===== Material for the task =====
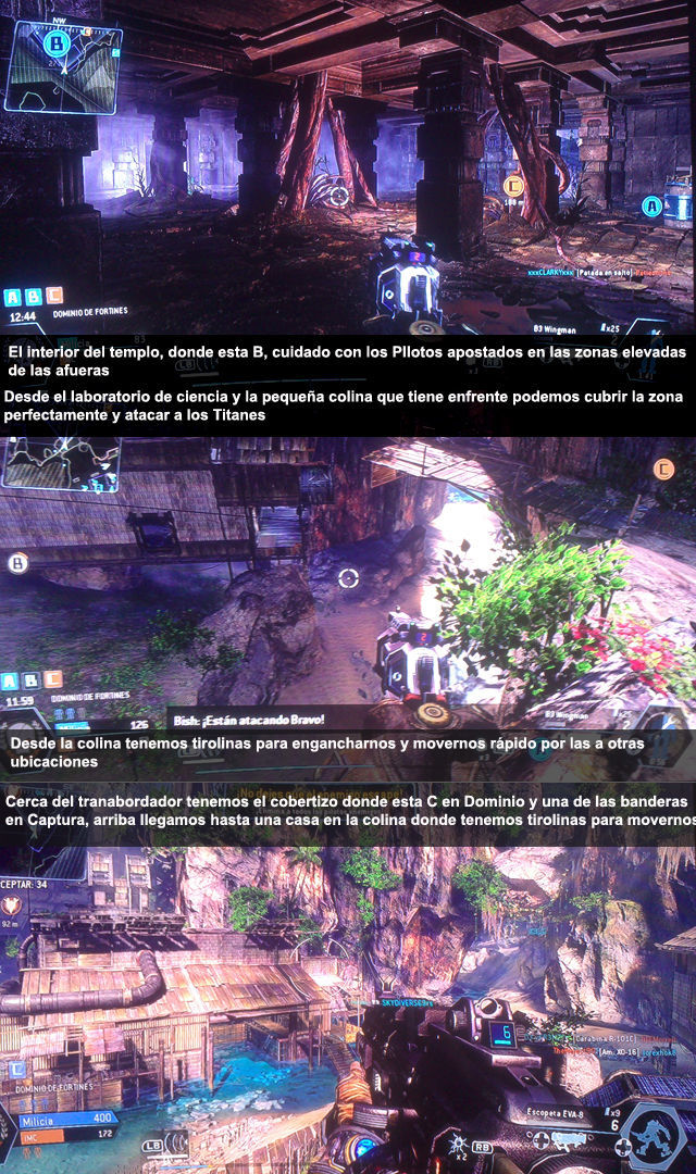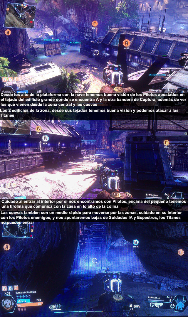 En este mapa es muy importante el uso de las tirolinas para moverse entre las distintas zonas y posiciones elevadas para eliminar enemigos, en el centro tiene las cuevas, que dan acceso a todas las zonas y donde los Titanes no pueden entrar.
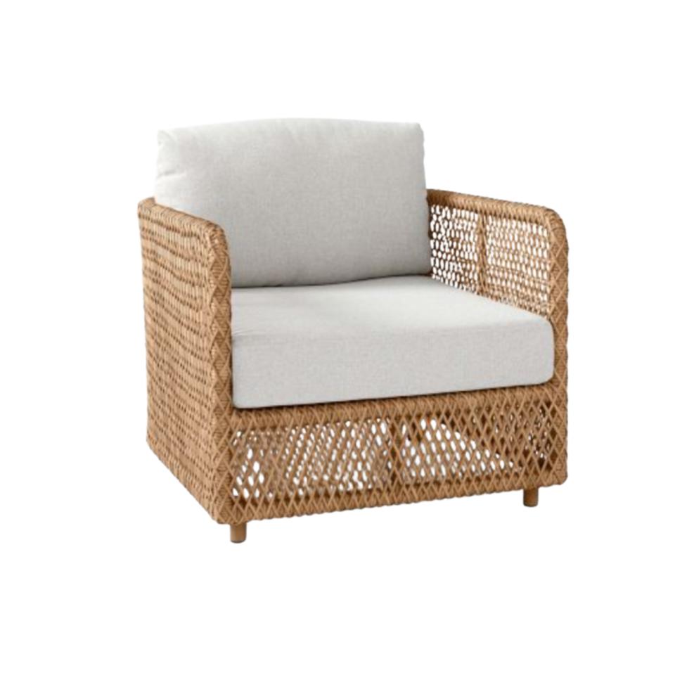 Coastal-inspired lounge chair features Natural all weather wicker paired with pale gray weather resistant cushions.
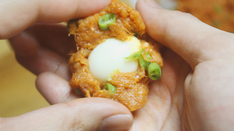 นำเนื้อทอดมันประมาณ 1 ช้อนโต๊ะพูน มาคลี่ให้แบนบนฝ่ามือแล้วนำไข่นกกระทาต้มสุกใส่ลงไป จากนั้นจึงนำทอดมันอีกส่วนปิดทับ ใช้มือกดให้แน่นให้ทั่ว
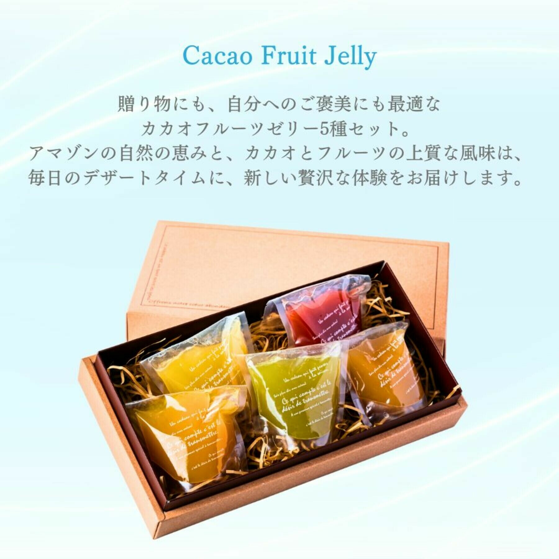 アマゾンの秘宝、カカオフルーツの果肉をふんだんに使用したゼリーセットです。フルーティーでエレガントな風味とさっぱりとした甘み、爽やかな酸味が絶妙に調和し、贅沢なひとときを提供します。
=====
===== Material for the task =====
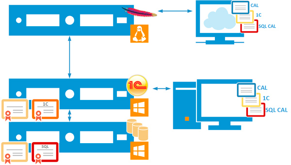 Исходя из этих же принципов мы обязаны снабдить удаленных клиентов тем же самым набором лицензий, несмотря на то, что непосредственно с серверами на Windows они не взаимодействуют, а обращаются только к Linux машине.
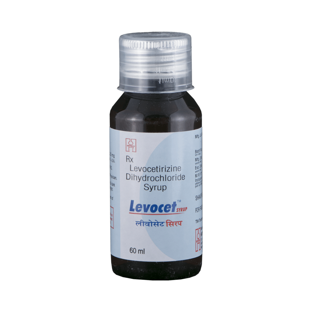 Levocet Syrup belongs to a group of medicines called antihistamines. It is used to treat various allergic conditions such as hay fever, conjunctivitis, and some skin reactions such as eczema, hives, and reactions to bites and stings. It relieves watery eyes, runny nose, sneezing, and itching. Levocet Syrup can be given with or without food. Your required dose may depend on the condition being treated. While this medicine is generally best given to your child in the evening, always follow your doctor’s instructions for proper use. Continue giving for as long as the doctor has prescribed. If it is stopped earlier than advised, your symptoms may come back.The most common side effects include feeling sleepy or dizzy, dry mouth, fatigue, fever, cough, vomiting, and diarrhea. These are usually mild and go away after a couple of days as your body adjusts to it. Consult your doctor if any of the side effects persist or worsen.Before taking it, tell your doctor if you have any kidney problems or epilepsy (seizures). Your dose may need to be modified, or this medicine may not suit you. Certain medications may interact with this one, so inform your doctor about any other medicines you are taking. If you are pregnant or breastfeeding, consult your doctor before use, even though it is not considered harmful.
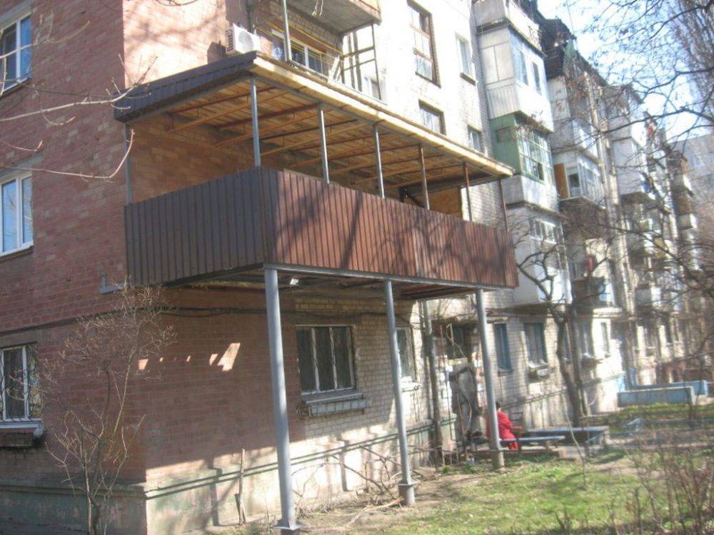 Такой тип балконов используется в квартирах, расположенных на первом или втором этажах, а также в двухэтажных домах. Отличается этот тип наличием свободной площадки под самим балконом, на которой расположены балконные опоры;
=====
===== Material for the task =====
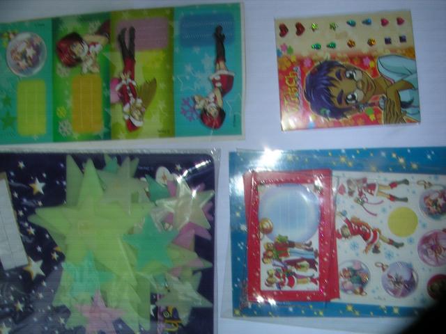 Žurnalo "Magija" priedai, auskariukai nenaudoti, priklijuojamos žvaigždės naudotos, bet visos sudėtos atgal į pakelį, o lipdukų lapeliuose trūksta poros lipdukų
=====
• _Assignment_:
In the listing above, find the line containing "Levocet Syrup belongs" and the line containing "Такой тип балконов", then print exactly those two lines and every line between them, minus the pictures.

• _Answer area_:
 Levocet Syrup belongs to a group of medicines called antihistamines. It is used to treat various allergic conditions such as hay fever, conjunctivitis, and some skin reactions such as eczema, hives, and reactions to bites and stings. It relieves watery eyes, runny nose, sneezing, and itching. Levocet Syrup can be given with or without food. Your required dose may depend on the condition being treated. While this medicine is generally best given to your child in the evening, always follow your doctor’s instructions for proper use. Continue giving for as long as the doctor has prescribed. If it is stopped earlier than advised, your symptoms may come back.The most common side effects include feeling sleepy or dizzy, dry mouth, fatigue, fever, cough, vomiting, and diarrhea. These are usually mild and go away after a couple of days as your body adjusts to it. Consult your doctor if any of the side effects persist or worsen.Before taking it, tell your doctor if you have any kidney problems or epilepsy (seizures). Your dose may need to be modified, or this medicine may not suit you. Certain medications may interact with this one, so inform your doctor about any other medicines you are taking. If you are pregnant or breastfeeding, consult your doctor before use, even though it is not considered harmful.
 Такой тип балконов используется в квартирах, расположенных на первом или втором этажах, а также в двухэтажных домах. Отличается этот тип наличием свободной площадки под самим балконом, на которой расположены балконные опоры;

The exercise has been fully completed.